Леон разворачивает швейцарскую шоколадную конфету в фольге.
— В любом случае мы должны все закончить дней за пять.
— Полиция найдет его раньше.
Стоун отрывается от телескопа. Бок пожимает плечами.
— В этой стране полицейским даже не разрешается бить людей, — говорит Леон. — А как тогда добиться результата?
— Время от времени им везет.
— Никто и никогда не называл встречу со мной везением.
За окном в лучах восходящего солнца горят Адские Врата. Кровавый свет стекает по башням Мидтауна, растекается по тросам моста, окрашивает лоскуты тумана над рекой.
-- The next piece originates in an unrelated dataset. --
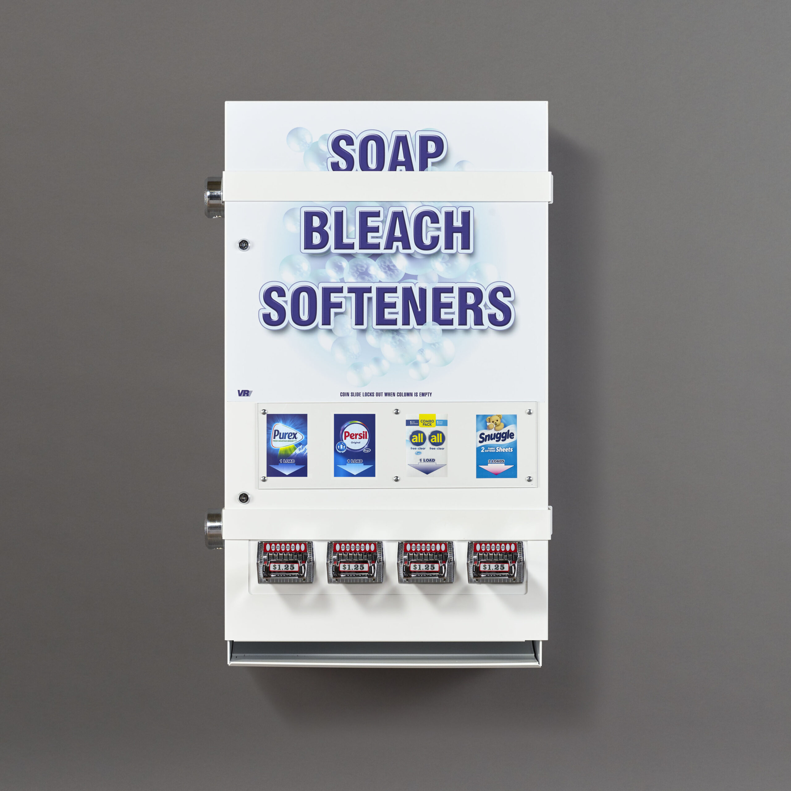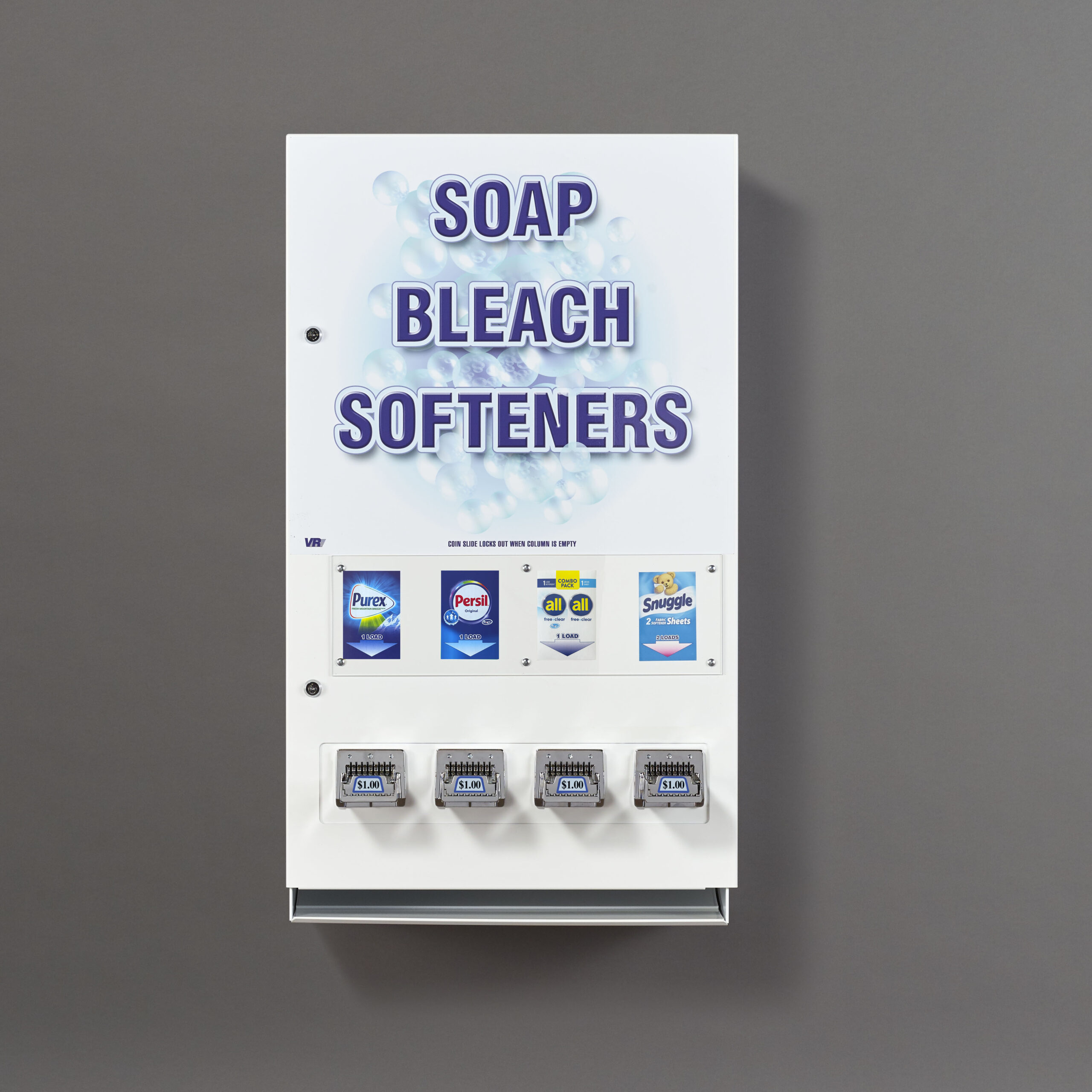 The 494 is a four‐column coin‐slide‐operated vending machine that is perfect for larger hotel/motel or campground laundry rooms and smaller coin laundry stores.

Сверху буксиры напоминают армию трудолюбивых муравьев. Механизированный поток, вливающийся в Адские Врата.
У Теда звонит телефон, и двое мужчин напряженно смотрят друг на друга — под внимательным взглядом дюжины пар широко раскрытых глаз. Вот деспотичный Георг III на подлинном портрете кисти Ричарда Баррингтона; 1779 год. Унылое высокомерие во взгляде герцога Корнуэлльского, в левой руке шпага, правая рука — на бедре; 1693 год. Ненасытное желание в черных зрачках испанской инфанты Марии-Ансонии, обрученной с принцем Вильямом Английским, дабы связать два королевских семейства. Брак не удался.
Стулья куплены в аукционном доме «Кристи». В стеклянной витрине красуются пистолеты с рукоятками красного дерева; при Ватерлоо из этого оружия стреляли во французских драгунов. Гобелен со сценами охоты некогда скрывал пятно от воды на стене замка в восьми милях от Инвернесса. Британские войска разграбили замок, и гобелен отправился в Лондон, а потом несколько раз сменил хозяев: им владели угольный магнат из Пенсильвании, продюсер из Чикаго, разработчик программного обеспечения из Силиконовой Долины и, наконец, любитель британского антиквариата Тед Стоун.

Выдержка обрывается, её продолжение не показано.